Thank you, Steve. Moderator, we will now open the conference call to any questions.

[Operator Instructions]. And our first question comes from the line of Elliot Wilbur with Raymond James.

Thanks. Good morning. First question for yourself Art, and just want to get a little bit of additional color commentary or insight into current trend to the generic business, look back over the last couple quarters, the business is kind of been sort of cap roughly at the $30 million per quarter level. So just sort of curious what we should expect in 2018 in terms of number of potential approvals and maybe just provide us a metric with respect to how many products are actually filed at FDA? And as a corollary to that, want to see if I mean there seems to be have been a fairly significant slowdown in terms of the number of ANDA approvals. And I'm wondering if some of the same issues that may be impacting the overall rate of ANDA approvals might or might not have an impact on your pipeline sort of given that the unique nature that many of these are of course are reductions of products or prior approval supplements?

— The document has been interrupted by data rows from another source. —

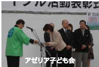
アゼリア子ども会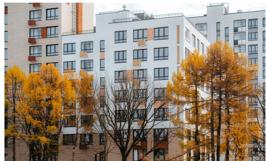
Корпус ЖК: Корпус 36.1.2 Квартал сдачи: 4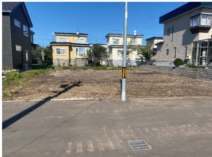
札幌緑小学校 徒歩8分 札幌北中学校 徒歩11分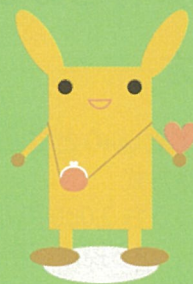
長野県みらいベース キャラクター Kiffy（キッフィー）

子どもたちへ あなたがそこにいること、その笑顔、一生懸命取り 組む姿、すべてにありがとう。未来を担う子どもた ちが、将来に夢と希望を持ちのびのびと育つように、 お父さん、お母さんを支え、子どもたち自身の力を 信じ、その育ちをみんなで支えていく、そんな長野 県を目指していきます。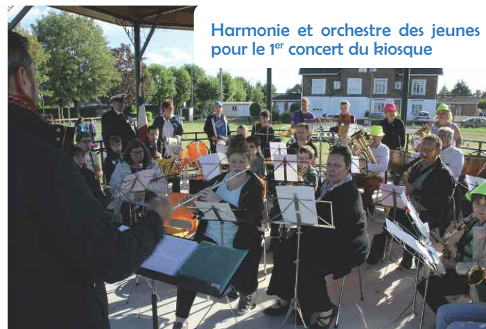
Harmonie et orchestre des jeunes pour le 1 er concert du kiosque

pas en rester là. Toujours suivant le souhait des habitants, la ville a construit un kiosque afin que chacun puisse jouer et entendre jouer de la musique.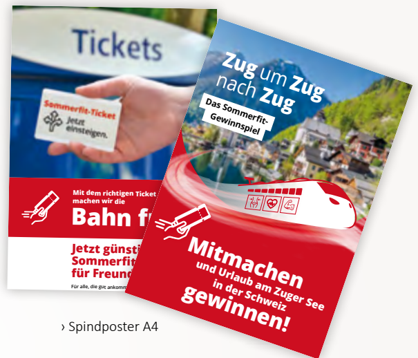
› Spindposter A4

Die Studio-Poster sind abwechslungsreich mit lustigen Wortspielen und sorgen garantiert für einen Hingucker und einen Lacher!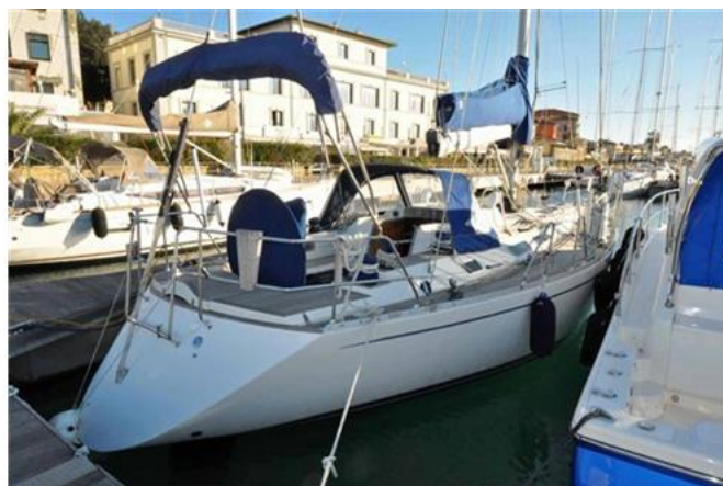
Sweden Yachts 390 (1)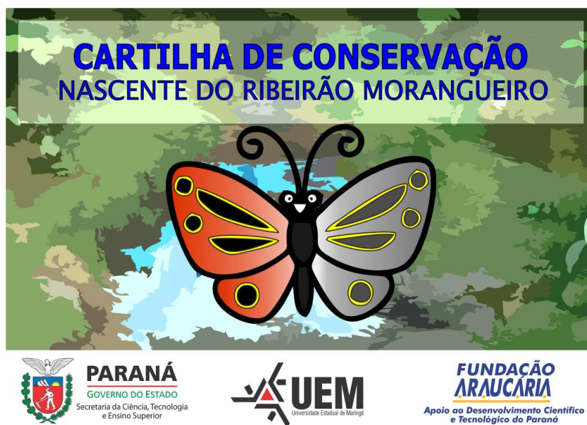
Figura 8 – Capa da cartilha de conservação ambiental

O material foi intitulado: “CARTILHA DE CONSERVAÇÃO: NASCENTE DO RIBEIRÃO MORANGUEIRO”, sendo que seu público-alvo são estudantes infanto-juvenis. A capa da Cartilha pode ser observada na Figura 8.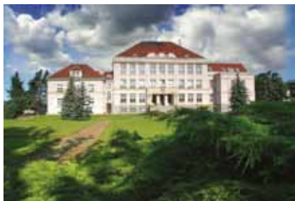
Pohled na hlavní budovu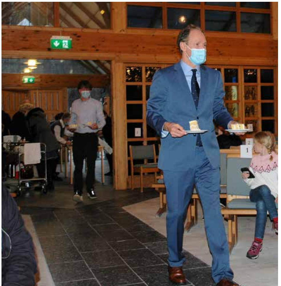
Etter gudstenesta var det kyrkjekaffi, men koronareglane gjorde at alle måtte sitja på plassane sine og venta på bli servert kaffi og kaker.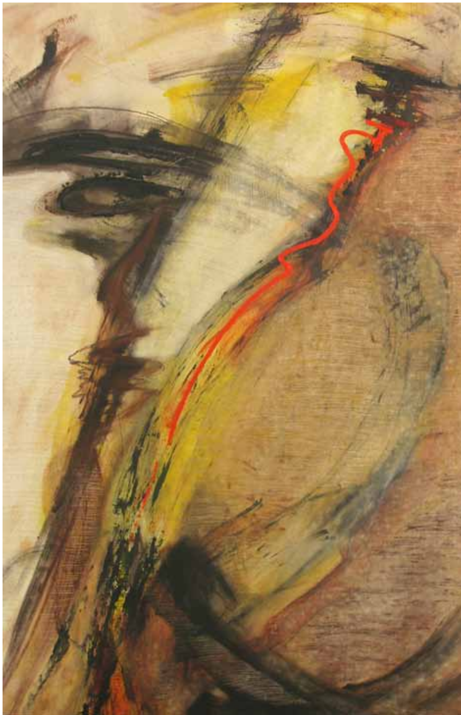
Унапредување 1, 2010 год., комбинирана техника, 55 x 85 см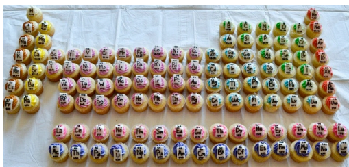
Figura 1: Tabela Periódica Comestível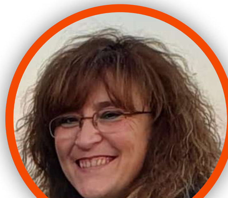
MARIANGELA MAPELLI SCUOLA PRIMARIA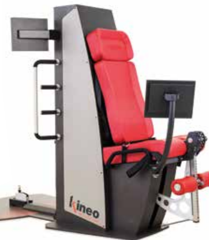
KINEO MULTISTATION • LEG EXTENSION • SQUAT • PULLEY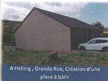
A Helling , Grande Rue, Création d'une place à bâtir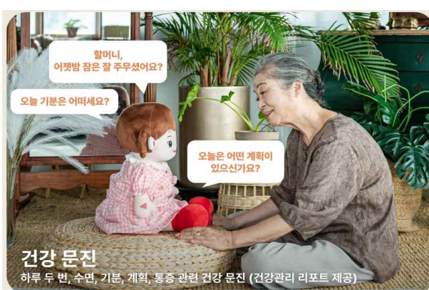
AI 돌봄로봇 ‘효돌’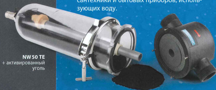
NW 50 TE + активированный уголь

Уголь поставляется отдельно и служит для улучшения вкуса воды, устранения запаха, очистки от хлора, озона, пестицидов и других загрязняющих органических веществ.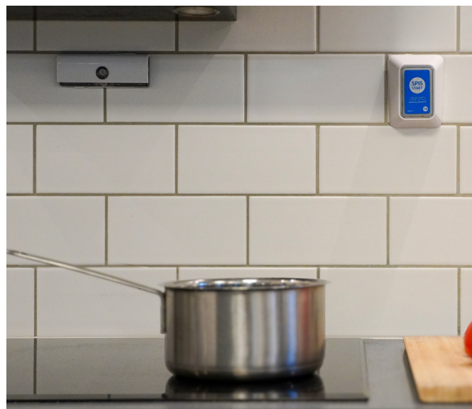
Exempel på hur en spisvakt kan se ut.

En timer bryter strömmen efter en förbestämd tid. En spisvakt är en elektronisk utrustning som bevakar spisen och bryter strömmen vid risk för brand.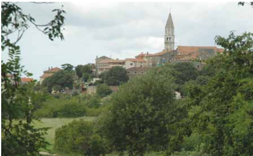
Stara gradska jezgra Višnjana (pogled s jugoistoka)

gnuta je početkom 17. st. gradska loža. Srušena je 1765. i na njezinom je mjestu podignuta barokna loža s pogledom na cijelu porečku obalu, od Umaga do Vrsara. Kvadratna je to građevina koja je s tri strane otvorena stupovima i pokrivena niskim pravokutnim piramidalnim krovom. S južne strane trg zatvara današnja općinska palača, na koju se naslanja dio negdašnjih fortifikacija sa sačuvanim unutrašnjim gradskim vratima, zvanim Vela ili Stara vrata (Porta Grande ili Porta Vecchia), ukrašena grbom mletačkoga lava koja su oblikom gotovo istovjetna onima u Gologorici.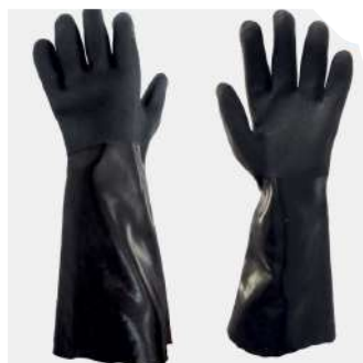
LUVA PVC PETRONIT 27CM / 36 CM KALIPSO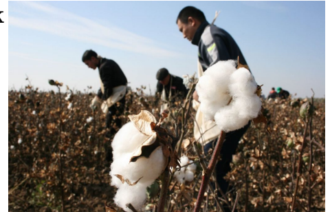
Читайте также: С бойкотом узбекского хлопка не покончено

С другой – централизованно спущенные и обязательные к исполнению квоты по сдаче хлопка никто пока не отменял. Такие ведомства, как минфин, министерство сельского хозяйства, а также хокимы на местах до сих пор отвечают за выполнение этих квот. Наиболее видимыми на публике фигурами, дающими указания по мобилизации населения на сбор хлопка, являются хокимы. И у них по сути нет другого выхода, как прибегать к старой практике принудительной мобилизации и всякого рода ухищрениям, чтобы скрыть факт принуждения (например, заставлять [9] сборщиков подписывать заявления о том, что собирают хлопок добровольно). Ведь при существующих ножницах цен (все еще низкие спущенные сверху цены за хлопок, не покрывающие себестоимость производства) привлечь рабочую силу на сбор урожая одними экономическими стимулами не представляется возможным.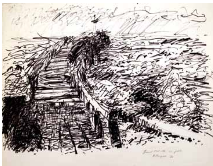
Grand-Fort-Philippe - La jetée 1974, feutre, 50 x 65 cm (feuille)

Yeah. Thank you, Elliot. I've read your report on the FDA slowdown may be due to the government slowdown. I think there are other issues alongside debt that are potentially slowing down approvals. You've seen a new effort on the part of the agency to include a subject matter called elemental impurities. And I think you've seen some of the Comprehensive Review Letters occasionally pop-up with requesting that information. Any time there's a new effort on the part of the agency to perhaps include something like elemental impurities more formally as compared to just putting it in an annual report, it has a tendency to slow down approvals. Now, in our particular case and I would have to get to the exact number of approvals that we have filed at the agency. I don't have that off the top, in our particular case, we are still picking and choosing from previously approved ANDA products that we are re-commercializing through tech transfer efforts in our facilities in Baudette, Minnesota. And so we are affected somewhat by a slowdown in approvals as it only relates to prior approval supplements that we would submit against previously approved products or perhaps had a change in raw material supplier that would necessitate a new a prior approval supplement. We certainly are not affected when the product is, a change is being affected in 30 days type product and submitting for that. So there is no slowdown associated with that scenario. It remains to be seen how potentially the industry is impacted by any slowdown on FDA's part, I think that's still an open question. We don't see ourselves as necessarily slowed in any shape or form only because we haven't been - we haven't seen it Elliot. So we have a number of generic product launches that are certainly teed up for this year. I don't want to - I have not, as you can tell, I have not stated the amount in a press release, so I going to be a bit cautious. But the ones that are included in our guidance from our perspective are launches that we feel obviously extremely confident about, okay. So part of the answer to your question is I don't know the answer, I don't know whether the slowdown is for real or not. They approved - the agency approved I believe a record number of in this last year that's good for the industry from my perspective. And I certainly support their efforts and hope that they continue that going forward into 2018.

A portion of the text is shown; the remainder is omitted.